Ok you do you. The rest of us are going to continue the conversation, bc we've lived exactly what she's talking about.
Anonymous
Anonymous wrote:
Anonymous wrote:My father was very similar to the OPs DH. My siblings and I were thrilled when they divorced and we didn't have to live with him. I'd encourage women who have allowed themselves to become dependent on their abusive spouses to figure out how to support themselves financially and take ownership of their lives and take care of their chidlren. My mother was lower middle class and she managed to leave him and raise us as a single mom and give us a very nice life.

I know that I am going to get flamed for this. But to the OP and all of the ladies with similar husbands, was this behavior really so well hidden that there were no signs before marriage and children? My mother was pressured to get married young and has shared with me that she ignored some signs of my father's issues. She still managed to be a great mom despite him and the only thing I slightly resent from time to time is that she chose him to be our father. Staying with an abusive spouse because you are unable to support yourself is not being a good parent in my experience. Flame away.


No flaming here..and I’m the Op. I spend a lot of time in therapy figuring out why I married him and how I could have been so stupid and then learning to do forgive myself so I can be a good mother to my children despite all of that . All of the signs were definitely there. I was 19 when we started dating and wish I wasn’t so young and stupid back then. To only know one tenth of what I know now would have been helpful


NP, but a PP with a similar husband giving my experience (I commented above with the ADHD maybe aspie DH and the similar pontoon fight!)

100% I rationalized red flags because of my own baggage, I was insecure in love, and he love bombed me (look up this term if you are unfamiliar) and it felt so good to be so loved, I was wooed. He was amazingly doting and caring during our courtship. I saw hints of his emotional outburst but they were infrequent and mild which didn't outweigh all the wonderful positive qualities (fun, loving, caring, thoughtful etc) I was naive about how challenging marriages can be between NT/AT partners. I didn't know a lot then that I know now.

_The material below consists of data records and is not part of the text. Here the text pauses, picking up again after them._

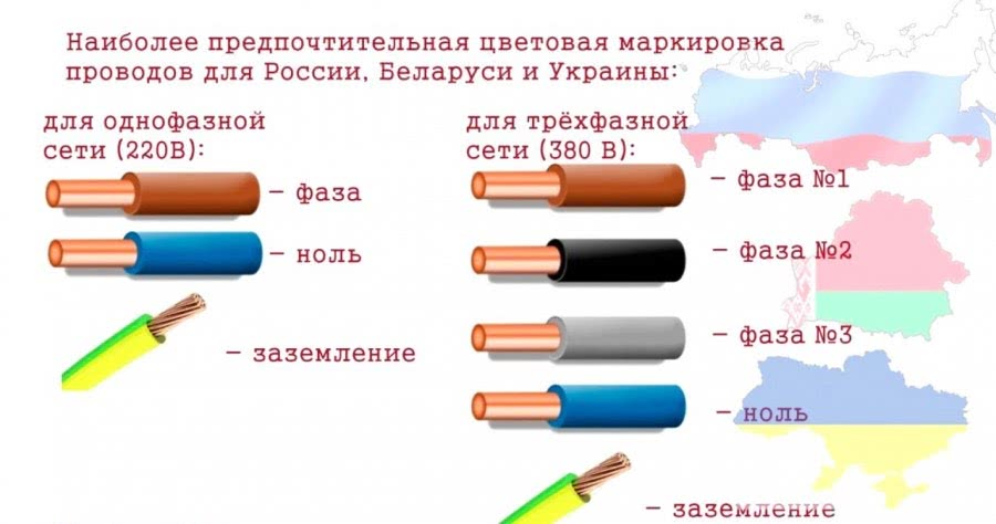 Чтобы подобрать более правильную фазировку во втором случае, ориентируйтесь на советы из статьи «Цветовая маркировка проводов. ГОСТы и правила.»
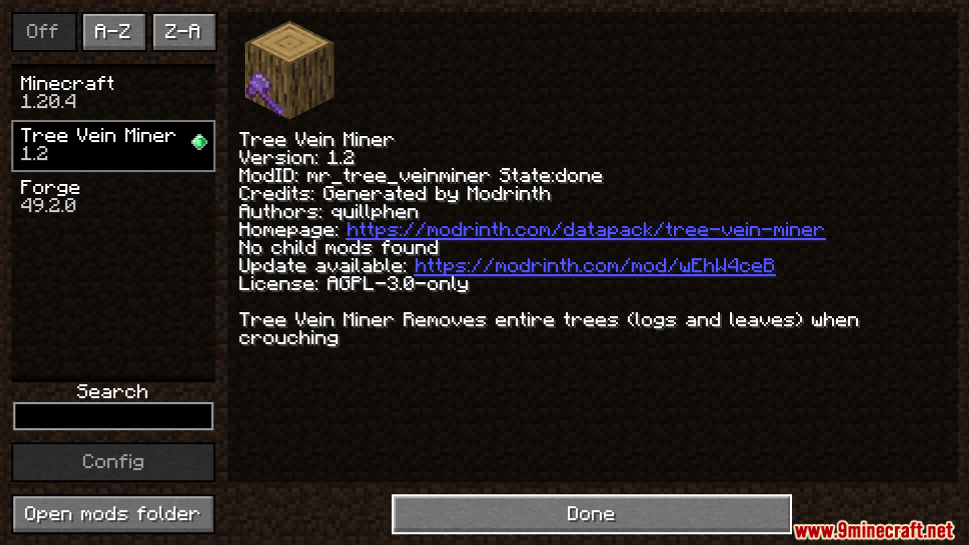 Tree Vein Miner Mod (1.21.11, 1.20.1) Download Links
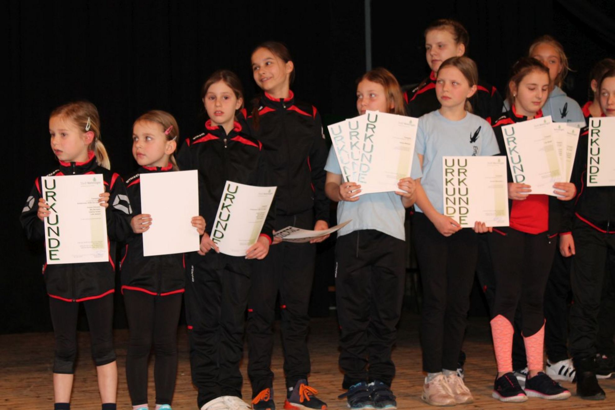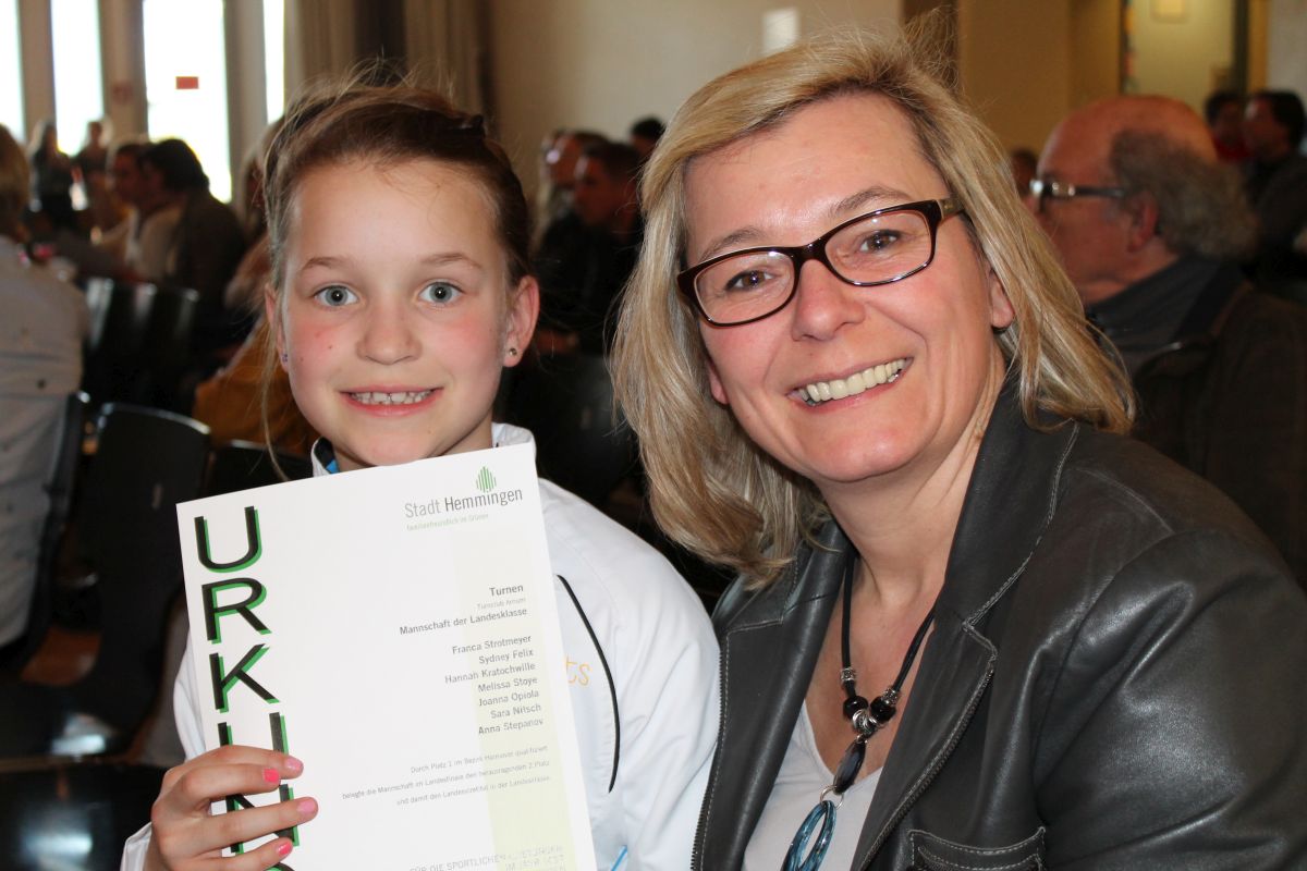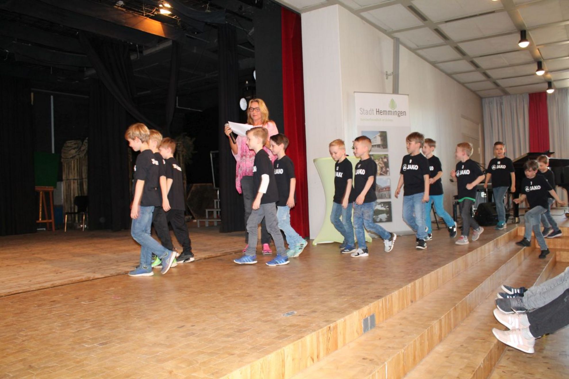 Der Verlauf der bereits traditionellen Sportlerehrung war kurzweilig, Kerstin Werner führte charmant und heiter durch das bunte Programm. 130 Kinder und Jugendliche aus den Sportarten: Fußball, Gerätturnen, Judo, Klettern, Leichtathletik, Rhönrad, Schwimmen, Tennis, Tischtennis, Turnen, Trampolin, Volley- und Wasserball freuten sich über ihre Urkunden. Die Judosparte des SC Hemmingen Westerfeld führte Würfe und Fallübungen vor, Singer-Songwriter Michael Becker erfreute das Publikum mit drei seiner Eigenkompositionen.
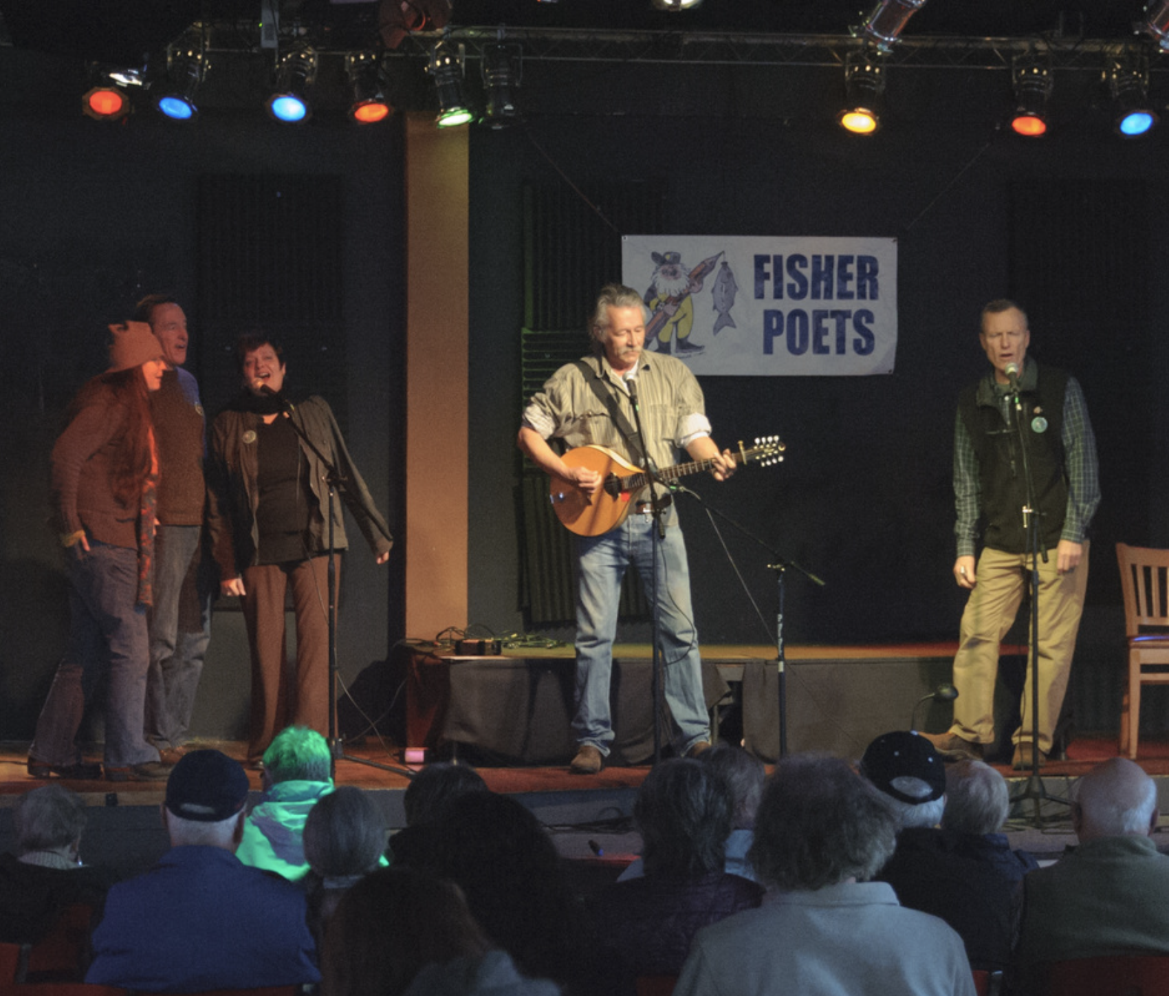Jon Campbell and his impromptu backups: Moe Bowstern, Dano Quinn, Dinah Urell and Jay Speakman. Photo credit: fisherpoets.org
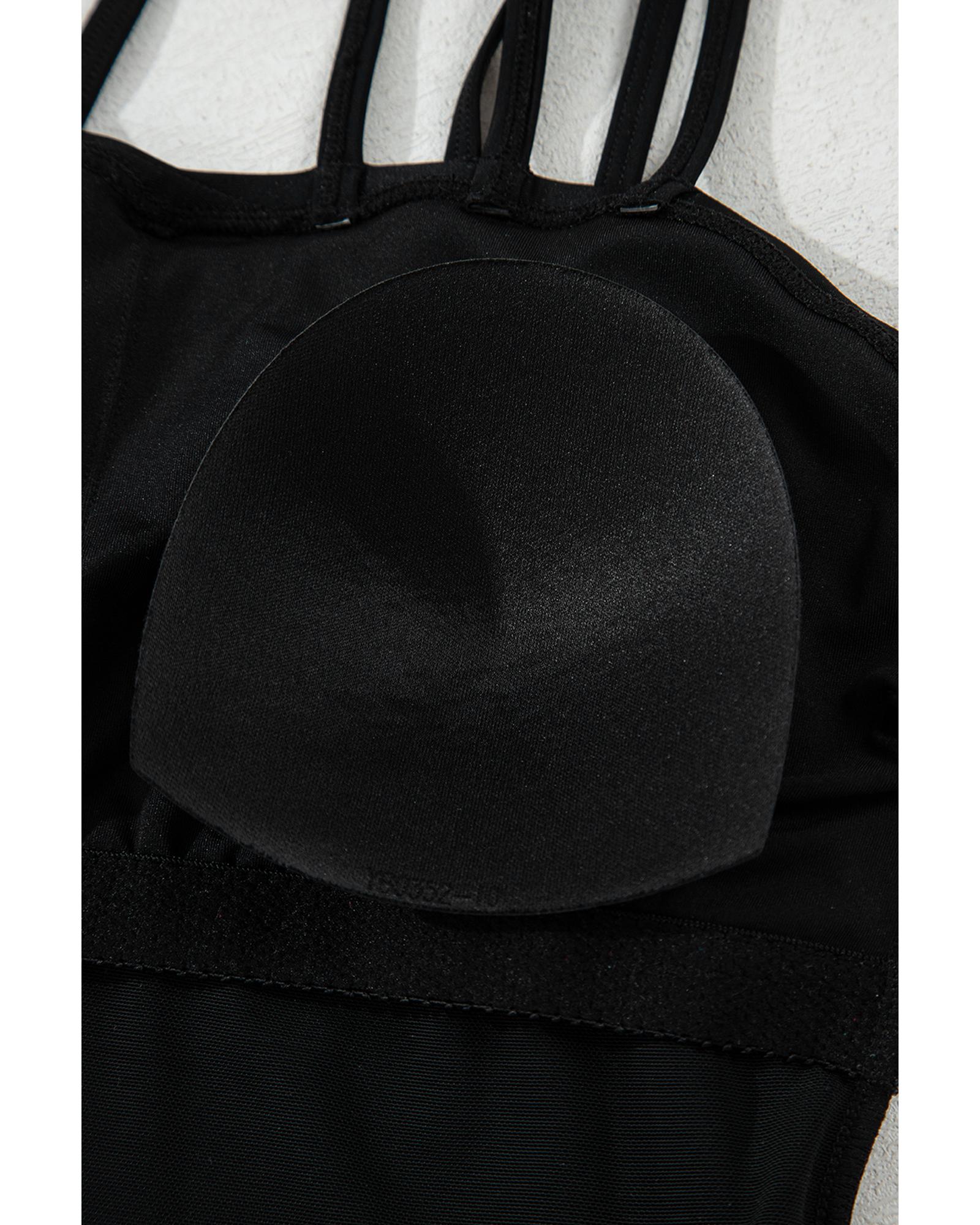 This black sleeveless one-piece swimsuit features a trendy fitted design with a strappy halter neck and a sweetheart neckline. It offers excellent coverage and is made from high-stretch fabric for comfort and flexibility. The swimsuit includes removable cup pads for customizable support, making it a stylish choice for swimwear.
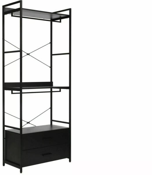 Modern, ipari stílusú polcos szekrény fekete matt fém vázzal és laminált polcokkal. Zárt tárolórésszel és praktikus polcrendszerrel ideális megoldás otthoni vagy irodai használatra. Modern tárolási megoldás maximális funkcionalitássalA Rin C polcos szekrény egy elegáns és praktikus bútordarab, amely tökéletesen ötvözi a modern dizájnt a funkcionalitással. A 200 cm mag

Then you add marriage and children, and neuro-atypical spouses are no longer to hold it together as they did during the (easy carefree) days of courtship. Their fuse shortens, they are no longer as loving and attentive, they get mean, they try and hurt you because they feel hurt. I felt so much regret about my choice - but as the OP mentioned above, I have been working on self-acceptance and self-compassion. I was young and broken too, I made a choice at that time that made sense to me. I can't go back and change that. It is part of my journey.

I have done a lot of work on the last few years to heal the baggage that i brought into this relationship. If I knew now what i know about myself and my baggage, I would not have married him. But I can't change the past, I have a life and family that I love, but a marriage that is flailing, and I am working on how to love him how he is, working on my boundaries and what I will and won't tolerate.

It's hard, but I also see his outburts as an AT spouse, not a narcist - as a PP pointed out the difference being they are don't done with the intent to be malicious. It's like being married to a toddler who can't control their emotions.
Anonymous
Anonymous wrote:NP. I was totally blindsided by his love bombing and mental disorders I knew nothing about. Now I know the whole dam DSM.

I made the usual excuses: He’s a guy; cultural differences; His parents don’t talk much; Different/lack of life experiences; Inexperienced; book smart counts! Blah blah narc.


HUGE red flag. If his parents hated each other (but the family doesn't admit it) - it becomes your problem, sadly.